However, many writers and editors online today seem to have forgotten the importance of attribution.
Photos
I’ve written several times about websites that run funny or shocking photos, but provide no information to back them up.
Without supporting information, these photos are pretty useless. We don’t know if the photo is real, when or where it was taken or what it purports to show.
In June, I wrote about a popular photo of a fisherman being inked in the face by a squid. I still don’t know when or where that shot was taken.
A reverse image search service called TinEye can help expose incidents where old photos are passed off as new and photos from far away are passed off as local.
But TinEye was of no use to me recently when I tried to find information about a series of photos of a leopard attacking forestry workers. (See sample above.)
I first saw the photos on Break.com, which is one of the worst offenders for lack of attribution. Break seems to think that a picture is worth a thousand words and it doesn’t need anything more than a punchy header like “Photos of Crazy Leopard Attack.”
Luckily the photos were recent and a simple Google search for “leopard attack” came up with articles about the incident. Six people were mauled by a leopard that strayed into a village in India on July 19. (See articles from BBC, CNN, MSNBC and The National.) The dramatic photos are by Diptendu Dutta with AFP.
Articles
On Monday, I wrote about how articles from Tech-media-tainment are occasionally copied and put on other websites without attribution or sourcing.

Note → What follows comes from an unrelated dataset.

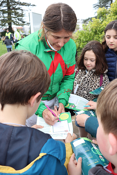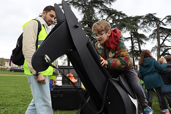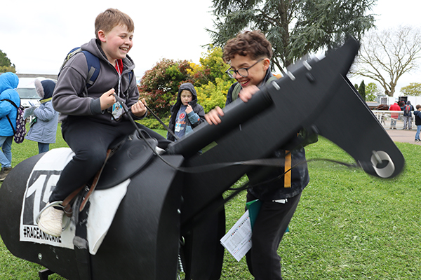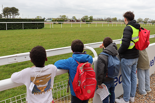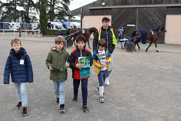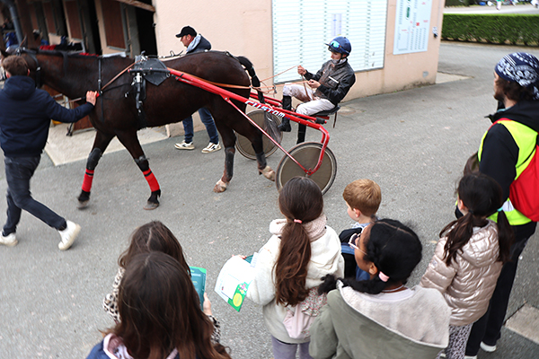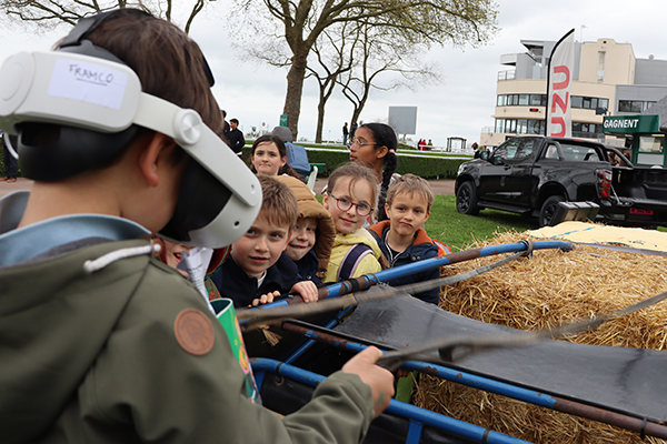 Jumelles sur le nez, les yeux rivés sur la piste, les enfants de l’accueil de loisirs Saint-Paul-des-Genêts suivent avec attention le déroulement des courses, espérant voir leur poulain s’imposer. Les encouragements fusent et animent une tribune bien garnie, ce mercredi 1er avril, à l’occasion du Quinté à l’hippodrome d’Écouflant. Un beau moment pour ces jeunes visiteurs, dont beaucoup découvraient pour la première fois cet équipement dédié au cheval, situé aux portes d’Angers. « Nous avons un projet d’animation autour du sport en cette fin d’année », explique Laurent Bourdais, animateur référent de la sortie. « Cette visite à l’hippodrome s’inscrit pleinement dans notre objectif de découverte du patrimoine et des disciplines sportives. » Bien plus qu’une simple sortie pour assister aux courses, c’est tout l’univers du cheval qui s’est offert à la cinquantaine d’enfants présents. Au programme : découverte des écuries pour approcher de près la centaine de chevaux présents sur le site, observation des sulkys dans les moindres détails, mais aussi rencontres avec les jockeys. Questions à la volée - « Quel âge a ce cheval ? Comment s’appelle-t-il ? Que mange-t-il ? » - et chasse aux autographes ont rythmé ces échanges spontanés. L’immersion s’est poursuivie du côté des stands ludiques, où les enfants ont pu enfourcher un cheval mécanique ou encore vivre une course en réalité virtuelle grâce à un casque connecté. Une belle journée vécue… au petit trot.

Apparently musician and former "Entertainment Tonight" co-host John Tesh has plagiarized content for his blog in a similar manner.
Another area where attribution is lacking is when mainstream media outlets don’t give credit to blogs for breaking news stories.
For example, offenders here include AllThingsD, CNet and Rolling Stone in one case and the Associated Press and others in a second case.
Sourcing in the digital age seems to becoming a lost custom.